The coronavirus pandemic caused schools to close, businesses to close, and even borders to close. The world appeared to be heading for a standstill as people across the globe were told to stay home for as long as was necessary to try to get the spread of the deadly disease under control. And yet life did not come to a complete stop. For many in fact life did not even have a pause. The order to stay home was not, as may have been at first assumed, equivalent to an order to act as if one was at home. Instead, technology was used to bridge the gap between home and not-home. Teleconferencing programs allowed people to continue to meet from home. E-Commerce websites allowed people to continue to shop from home. Streaming services allowed people to continue to see movies from home. Photo- and video-sharing applications allowed people to continue to see the not-home from home.

Netflix, for example, had had a steady rise in subscriptions every year—with 19 million new subscribers in 2017, 25 million in 2018, and 27 million in 2019—but during the pandemic Netflix had a sudden spike in growth with over 40 million new subscribers (Iqbal 2021). This rapid rise in streaming subscriptions fits with the research conducted by Nielsen (the famous American media market analysis firm) that “found an average 61% increase in streaming video” during “major crises” (Spangler 2020). Similarly, Amazon—which operates both a streaming service and a home delivery service, among other pandemic-benefitting services—reported a “44 percent” rise in sales, a “220 percent” rise in profit, and a “51 percent” rise in workers during the pandemic, all of which “surpassed Wall Street’s expectations” (Weise 2021). And the technology that has become most famous during the pandemic, Zoom, saw “sales soar 326% to $2.6 billion in 2020” while “profits jumped from just $21.7 million in 2019 to $671.5 million” (BBC News 2021).

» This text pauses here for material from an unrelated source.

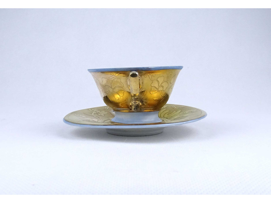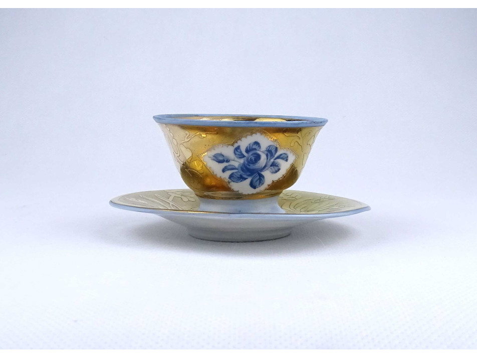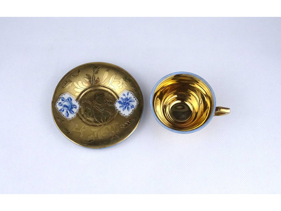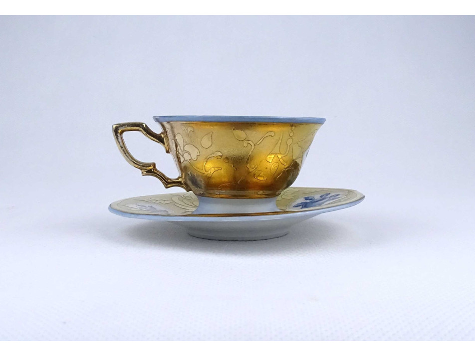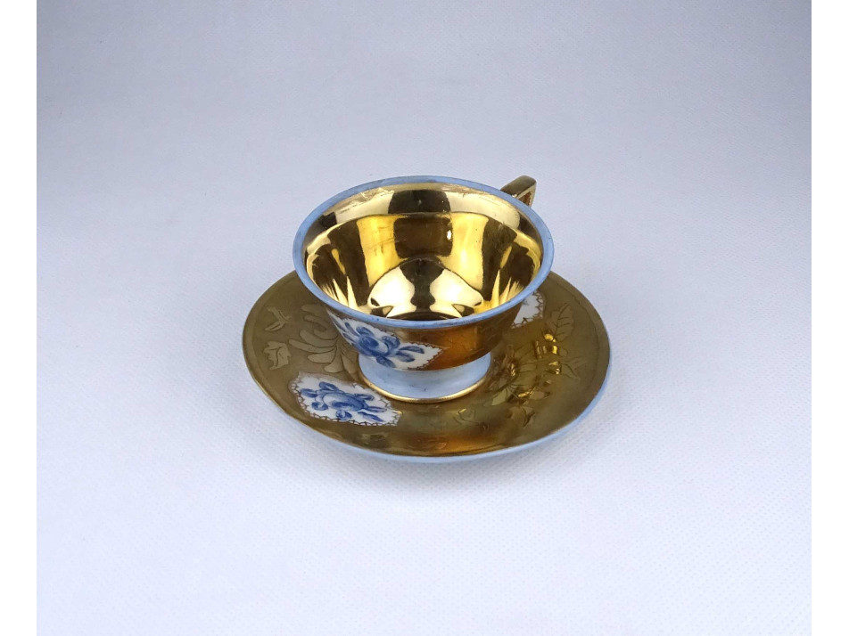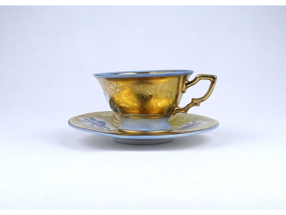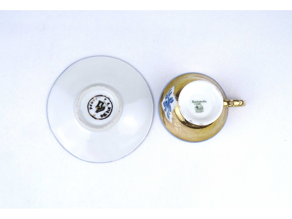 Régi, hibátlan állapotú, jelzett, vastagon aranyozott porcelán kávés csésze és alátét tányér.

What I wish to examine in this essay however is not the question, the question that seems to have arisen daily since the coronavirus crisis began, of whether these technologies were adequate solutions to the lockdown-caused problems they were attempting to solve (e.g., Denning 2020; Newport 2020; Waller and Chakrabarti 2020). These technologies have allowed us to continue our normal lives during a pandemic, leading us each day to ask if these technologies are poor substitutes for what life was like before or instead if these technologies are in fact improvements over what life was like before. But the question that is less frequently asked, the question that I intend to investigate in this essay, is: what does it mean that we attempted and have indeed been able to use technologies to continue our normal lives during a pandemic?

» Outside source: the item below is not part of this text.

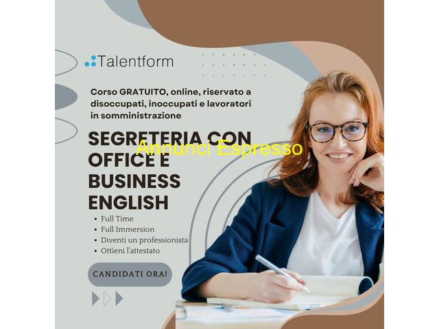 Libero CorsoSegreteria con Office e Business English (corso GRATUITO online, full time) Roma

In this essay, I will attempt to answer this question by, first, turning to the philosophy of technology known as postphenomenology. By using postphenomenological methods developed by Don Ihde to investigate the technology that has perhaps become most associated with the pandemic—Zoom—we can see how technologies have helped us during the pandemic to maintain normalcy. Though recent research has shown how the rise of Zoom has had an influence on various aspects of human experience, ranging from the classroom (Lowenthal et al 2020) to the courtroom (Puddister and Small 2020), through postphenomenology we can conduct a broader investigation of Zoom’s influence on human experience itself. Postphenomenology can illuminate both how Zoom has helped us during the pandemic, and how this help can at the same lead us to becoming blinded to how these technologies shape what we experience as normalcy.

Second, I will turn to the work of Heidegger as from the Heideggerian perspective on Zoom we can see the danger of transforming our homes into workplaces as it entails transforming ourselves into mere tools, tools who, thanks to Zoom, can be called upon and ordered to work as needed. Yet by turning back to Ihde, as well as to the critical theory of technology of Andrew Feenberg, we can see why such a Heideggerian critique of Zoom might be too deterministic and might be better aimed instead at Capitalism. For Feenberg it would be particularly important to recognize that Zoom, as an online platform, could provide users an opportunity for not just working from home, but for activism from home.